Un pas de la profondeur

Il est écrit : Blerim Shala Iran a attaqué Israël. Voici les nouvelles des deux derniers jours. Actuellement, presque personne ne s'occupe de Gaza ou d'Ukraine. Au moins dans les grands médias mondiaux, bien qu'il existe bien sûr un lien direct entre ces champs de bataille. Il n'y aurait pas de telles nouvelles, ce qui confirme [...]
L'Iran a attaqué Israël.
Voici les nouvelles des deux derniers jours.
Actuellement, presque personne ne s'occupe de Gaza ou d'Ukraine. Au moins dans les grands médias mondiaux, bien qu'il existe bien sûr un lien direct entre ces champs de bataille. Il n'y aurait pas de telle nouvelle, qui ne confirme que le renversement d'un ordre international, à moins que ce ne soit l'agression de la Russie de Vladimir Poutine contre l'Ukraine, qui a commencé en février 2022.

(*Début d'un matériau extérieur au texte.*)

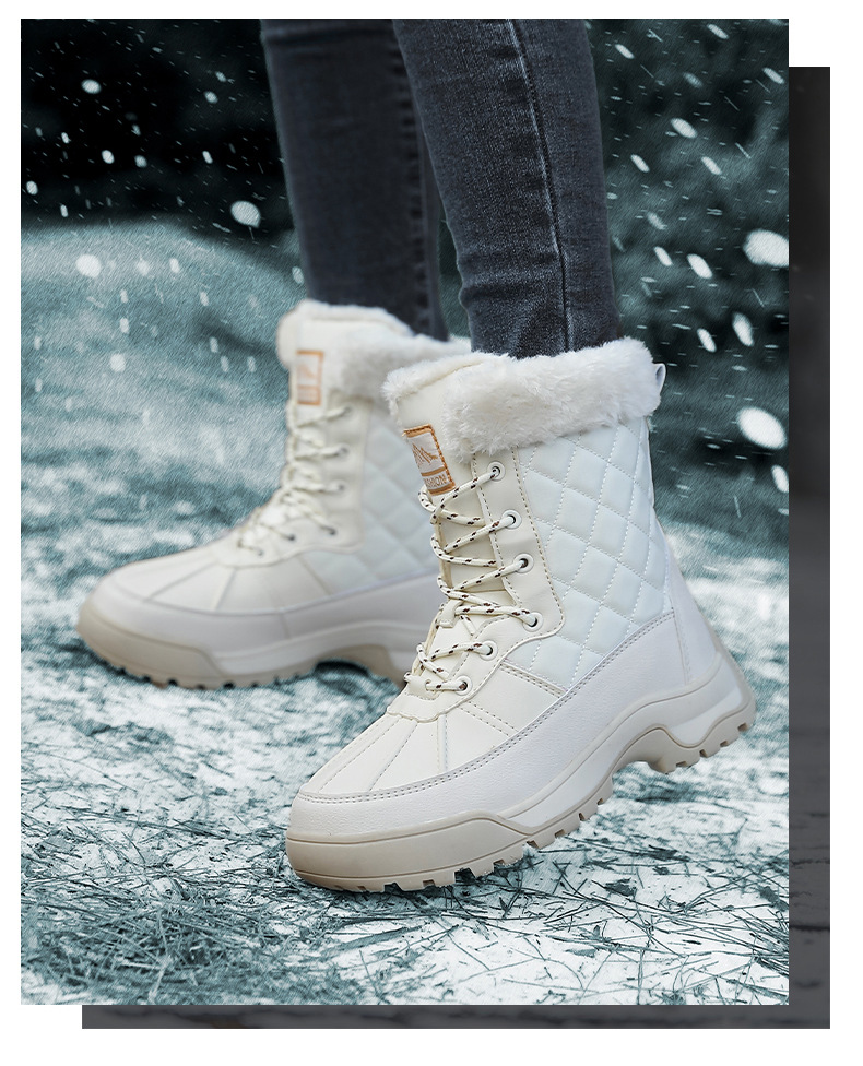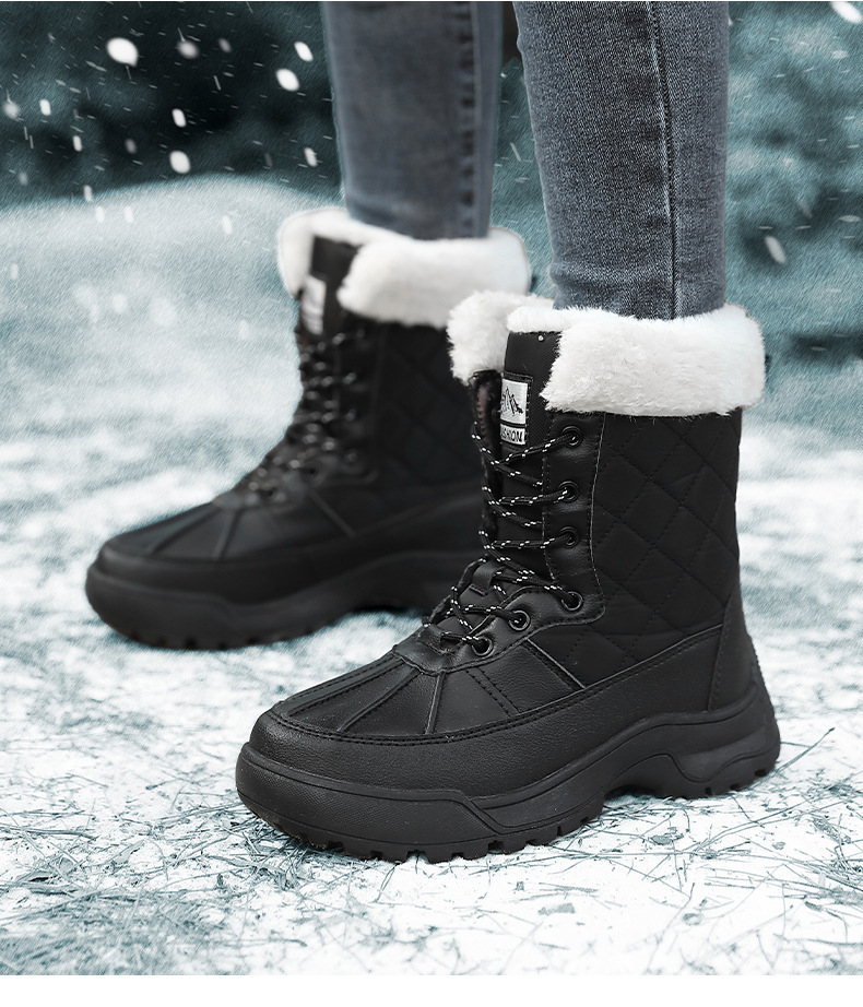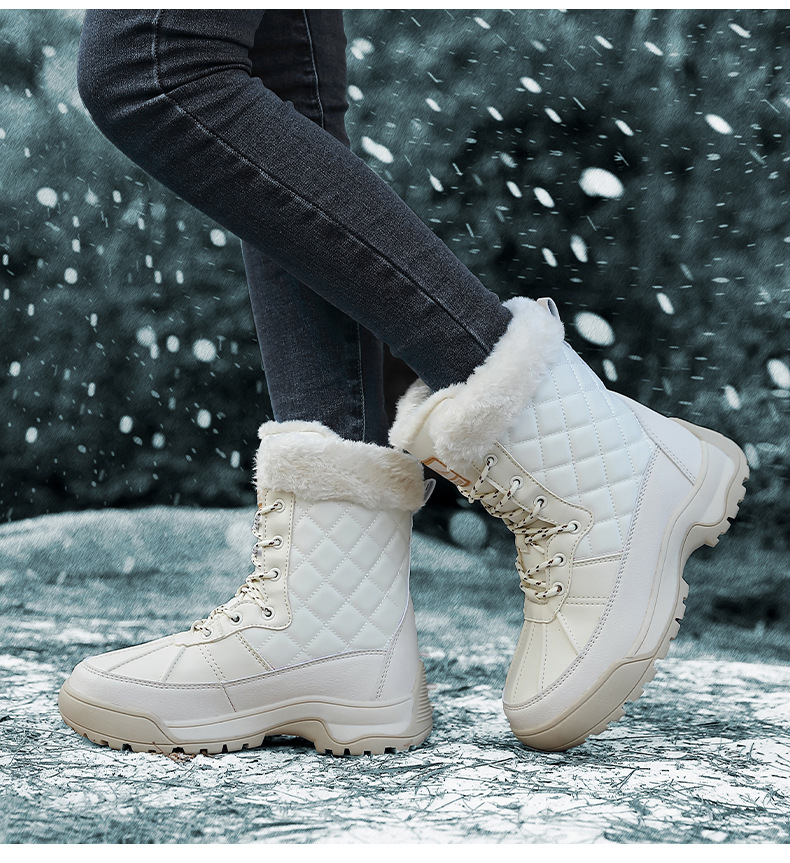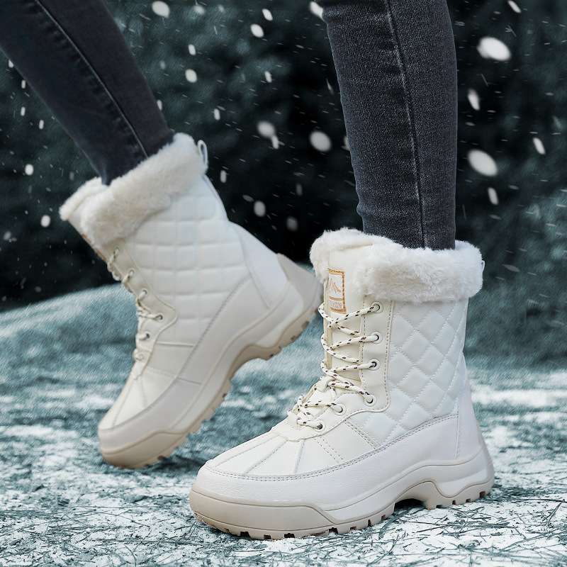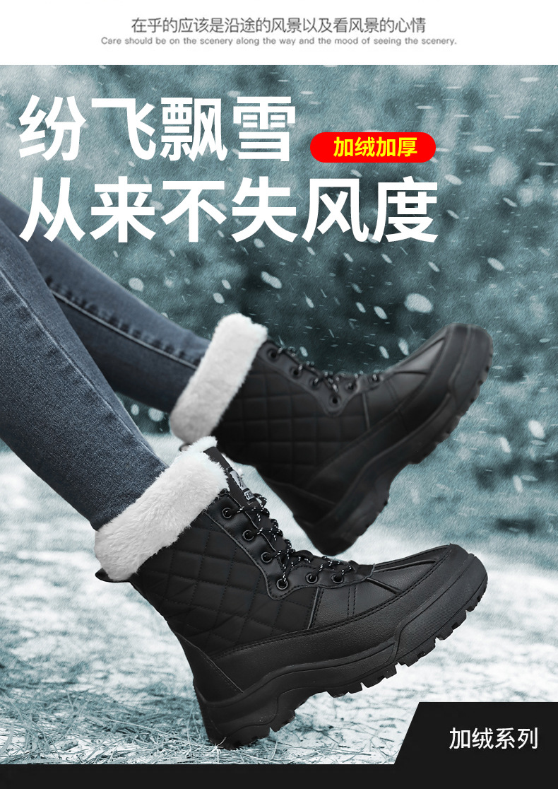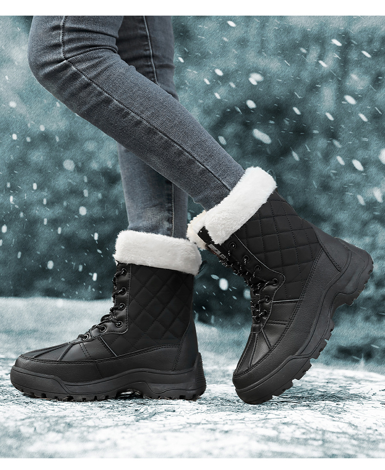 Женские зимние сапоги, плюшевая теплая хлопчатобумажная обувь, износостойкие удобные спортивные уличные высокие женские ботинки на шнуровке, большие размеры

Le dur travail (pour un nouvel Ordre international) qui a effectivement commencé en 2012-2013, principalement en raison de la guerre en Syrie, le renforcement de la Chine et suite à une abstention délibérée du président Barack Obama du rôle de premier plan du monde en Amérique, à partir de 2022, a pris la forme de guerres.
Qui ne sait pas comment et quand la guerre prendra fin en Ukraine et quelles seront les conséquences pour cet État, pour la Russie et pour l'Occident.
Qui ne sait pas ce qui se passera les semaines et les mois prochains à Gaza et le nouveau conflit entre l'Iran et Israël.
Au cours de l'année électorale américaine, lorsque Joseph Biden et Donald Trump (les présidents américains des huit dernières années) se feront de nouveau face en novembre, il est vital que Washington officiel ne devienne pas des guerres régionales, ce qui sera alors impossible à contrôler.
Le monde est vraiment un pas en avant de l'abîme, et dans ces cas la diplomatie mesurée est le meilleur moyen de faire face aux dangers invisibles dans cette nouvelle histoire depuis la fin de la Seconde Guerre mondiale.
Mais la diplomatie mesurée définit de plus en plus le déficit.
Dans le cas de l'attaque symbolique de l'Iran contre Israël (avant tout), qui n'a pas fait de mal à Israël, on a d'abord vu que Téhéran officiel essaie d'une manière ou d'une autre de préserver son visage en ne risquant pas sa tête, en cas d'une rencontre militaire majeure avec Israël.
Mais deuxièmement, mobiliser tous les para-espèces que l'Iran a dans la région (l'Iran est présent en Syrie, au Liban et au Yémen), dans le but de menacer Israël, est un message clair de Téhéran à Israël et à l'Ouest.
Cependant, l'Iran a manqué tout cela, non seulement en raison de l'autodéfense militaire d'Israël, mais aussi en raison de l'interaction des États occidentaux pour minimiser les dommages causés à cette attaque.
Les États-Unis et la Grande-Bretagne, avant tout, veulent préserver la sécurité extérieure d'Israël (ils sont donc le murmure étranger de cet État) et créer de meilleures conditions politiques pour mettre fin à la guerre à Gaza, et pour un plan pacifique de changement radical des rapports entre Israël et la Palestine, dans le but de revenir au modèle des deux États, abandonné depuis des années.
Bien entendu, pour arriver à ce stade, il faut, dès la fin de cette guerre, qui sert d'excuse à tous ceux qui ne veulent pas une fois pour toutes, mettre fin à l'énorme conflit historique et politique entre Israéliens et Palestiniens, puis entrer dans la phase d'une administration internationale des territoires palestiniens, qui serait accompagnée d'une mission militaire de maintien de la paix.
Plusieurs mois plus tard, dans les milieux internationaux concernés, le Kosovo est un bon exemple, après la fin de la guerre en 1999, lorsque la MINUK (mission civile) et la KFOR (mission militaire) ont assuré la paix et la stabilité, pour préparer le Kosovo à la phase de définition du statut, qui s'est déroulée en 2005-2008.
D'autre part, ce qui est arrivé à la coordination occidentale pour la défense d'Israël pourrait de nouveau être parallèle à l'affaire du Kosovo.
La mission de l'Alliance Nord-Atlantique au Kosovo (créée il y a un quart de siècle) est le bouclier étranger de la sécurité et de la stabilité au Kosovo.
La Serbie et Aleksandar Vučei le savent très bien.